Он оборачивается к ней, хочет, наверное, улыбнуться, но получается криво: разбита губа, это теперь видно, и кровь ещё не везде смылась, успела свернуться, пятнами на светлой щетинке подбородка, на щеке…

— Хорош? Окунусь сейчас…

— Лёшенька — нет! Нельзя!.. — Она тычется ему в плечо и тут же вскидывает голову, глазами ищет глаза его, умоляет: — Мы там, у пляжа… Вернутся же — с ножами, не знаю с чем! Быстрей пойдём… уйдём!

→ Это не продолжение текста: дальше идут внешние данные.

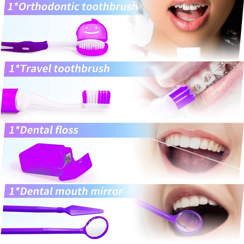 - ★ Package List: 1*Orthodontic toothbrush, 1*Travel toothbrush, 1*dental floss, 1*dental mouth mirror, 1*braces wax, 1*Interdental brush,1* hourglass timer,1*dental floss threaders.

— Не вернутся, — говорит он, глядит туда, его лицо на миг совсем чужим становится и не то что злым… Но не дай бог, чтоб на неё когда-нибудь так посмотрел. Она впервые видит такое у него лицо, она уже боится и его, всего боится в жизни этой проклятой, страшной, готовой сломаться и всё сломать, в любую свою минуту… Увидят, что купается, вздумают — и мигом же добегут, будут здесь…

— Не они, не ты… — говорит ли, кричит она бессвязное. — Я не могу, понимаешь, — я! Уйдём скорей! Я не знаю что… я заплaчу сейчас. Ударь меня, раз так!..

— Ну, ну… — Он обнимает её, сумку перехватывает — согласился? Да; и оттого, может, что тяжесть эта снята, что уговорила — вдруг обмякает она вся, ноги не держат, и слезы прорывают что-то в ней наконец горячие, трясут её, и щекой в грудь ему опять, трётся, размазывает их… девочка, что ль? Девочка. Руку его находит, надо быстрей; отрывается, лицо отворачивая, и чуть не тащит его подальше отсюда, рада и бегом бы…

Уже на полдороге, чуть уняв сердце, она замечает наконец-то, что он, усмехаясь её оглядкам туда, к лозняку, теперь пустынному, далёкому, слившемуся с зелёной каймой всего подбережья, — что поморщивается он, пальцами шевелит в её руке, высвободить словно хочет… Она опускает глаза — и ахает: суставы на правой у него сбиты в кровь, распухли тоже…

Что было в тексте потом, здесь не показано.